# Sticky  [Guide] New Users Guide. Everything How-To. ROOT / Rom / Kernels / Radios / CWM



## Rythmyc

First off I will update as much as possible. I also want to thank poitee, as I kang'ed most of this post off of him, he did ask me to take over this thread for him. You'll find instructions on how to root at the bottom of the post. Skipping the information beforehand is not recommended however.
I AM NOT RESPONSIBLE FOR ANYTHING YOU DO TO YOUR PHONE!

Ok.. now for some basics:

*Root*: The process of installing the superuser apk providing you full read/write/modification privileges to your phone. I huge thanks to chainsdd For providing the superuser app that allows for such greatness.

*ROM*: The Operating system. Can be stock or modified. For the Samsung phones they can be provided in a Odin package or a ClockworkMod (cwm) package.

*Kernel*: The piece of software that communicates to the hardware. This is where most of the hardware magic happens. Overclocking... WIFI... GPS... 3g/LTE.. ect...

*Odin*: Recovery software use to flash from a computer to your phone via a USB Cable.

*ClockWorkMod* or *CWM*: A custom recovery that is used to flash clockwork mod compatible roms ending with a .ZIP filename. Also has higher level functions such as formatting/wiping various parts of your phone and enabling Voodoo lagfix.

*Voodoo Lagfix*: Samsung uses a filesystem called RFS which is very slow. The voodoo lagfix converts the RFS system into an faster more modern EXT4 providing higher speeds and no lag. It is very important to remember if you are converted to Voodoo you must continue to run a Voodoo kernel unless you use Odin to recover your phone or disable lagfix via ClockWorkMod.

*Voodoo Sound*: I believe supercurio's creation which drastically improves sound quality via the headphone jack of your phone.
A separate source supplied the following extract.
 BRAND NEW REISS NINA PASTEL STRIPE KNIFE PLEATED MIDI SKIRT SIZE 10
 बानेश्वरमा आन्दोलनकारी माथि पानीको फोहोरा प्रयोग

This REQUIRES the use of Voodoo Sound app available off the market to enable its functionality.

*Voltage Control*: Be sure to check your Kernel and see if it supports Voltage Control.. This app is used to modify and add different overclocking speeds (mhz) to your phone along with changing the voltages.. Undervolting and Overvolting. Be careful and use caution and know what you are doing before messing with this.

*So you still want to flash roms/kernels and take the risk of voiding your warranty or destroying your phone??? Read on....*

Currently there are 8 different versions of the Samsung software. 3 are Froyo, 5 are Gingerbread ED1, ED2, EE4 are the Froyo versions. EG02, EP1F, EP1H, EP1Q, EP1W, EP3, EP3HA are the Gingerbread versions. ED1 came stock on the phone. an OTA update was available upon launch to ED2. More recently EE4 was pushed OTA which provided a new baseband (radio software). There have been several leaks of Gingerbread, EP3HA being the most recent, stable and fastest release to date.
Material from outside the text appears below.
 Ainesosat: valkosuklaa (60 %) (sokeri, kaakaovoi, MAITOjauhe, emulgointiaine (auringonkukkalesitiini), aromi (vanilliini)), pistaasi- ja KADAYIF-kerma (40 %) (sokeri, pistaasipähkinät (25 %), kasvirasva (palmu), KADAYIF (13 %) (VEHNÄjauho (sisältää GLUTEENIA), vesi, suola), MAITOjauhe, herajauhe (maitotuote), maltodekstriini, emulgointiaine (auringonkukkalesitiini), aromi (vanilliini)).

*CHECK YOUR PHONE SOFTWARE AND MAKE SURE YOU ARE ON AT LEAST EE4 BEFORE FLASHING NEWER ROMS.* This will save yourself headaches down the road.

Before you begin in this task be sure to download Odin and the EE4 Stock Odin package available *Here* This is how you will return your phone to normal if something bad happens. *BE SURE YOU HAVE THIS BEFORE YOU BEGIN.*

*Installing Recovery*
*Clockwork Mod Recovery*
This is the most recent version of CWM available. Flash this via Odin. Instructions on how to use Odin will come later in the post.

*Installing Radios*
You can find a list of all the available radios for both Froyo and Gingerbread *HERE*http://rootzwiki.com/showthread.php...l*-List-of-Roms-Kernel-s-Radios-Tweaks-Themes

*Installing Kernels*
You can find a list of all the available kernels for both Froyo and Gingerbread *HERE*http://rootzwiki.com/showthread.php...l*-List-of-Roms-Kernel-s-Radios-Tweaks-Themes

*Ready for a new ROM?*
You can find a list of all the available ROM's for both Froyo and Gingerbread *HERE*http://rootzwiki.com/showthread.php...l*-List-of-Roms-Kernel-s-Radios-Tweaks-Themes

*Odin Instructions:*

Download the latest version of Odin from *HERE*http://www.mediafire.com/?yn37uc4z3cx3bl6

From power OFF. Hold the Volume DOWN key, insert the USB provided by Samsung (I personally have had bad luck with the aftermarket cables.). You will see a Yellow Triangle + Downloading on your screen. If this doesn't work, try the next method.

Remove the battery from your phone and plug it in to your computer via the USB provided by Samsung (I personally have had bad luck with the aftermarket cables.) You will see a Yellow Triangle + Downloading on your screen. *Re-Insert your battery*

Un-check F. Reset Time and Auto Reboot

Chose *******PDA******** in Odin by checking the box next to the PDA Button.

Chose the proper Odin image you wish to flash by pressing the PDA Button and navigating to the file you downloaded. These files end in .md5 or .tar.

Click Start. DO NOT UNPLUG YOUR PHONE UNTIL IT IS COMPLETE! Odin will show a green box and pass on the top left hand box when complete!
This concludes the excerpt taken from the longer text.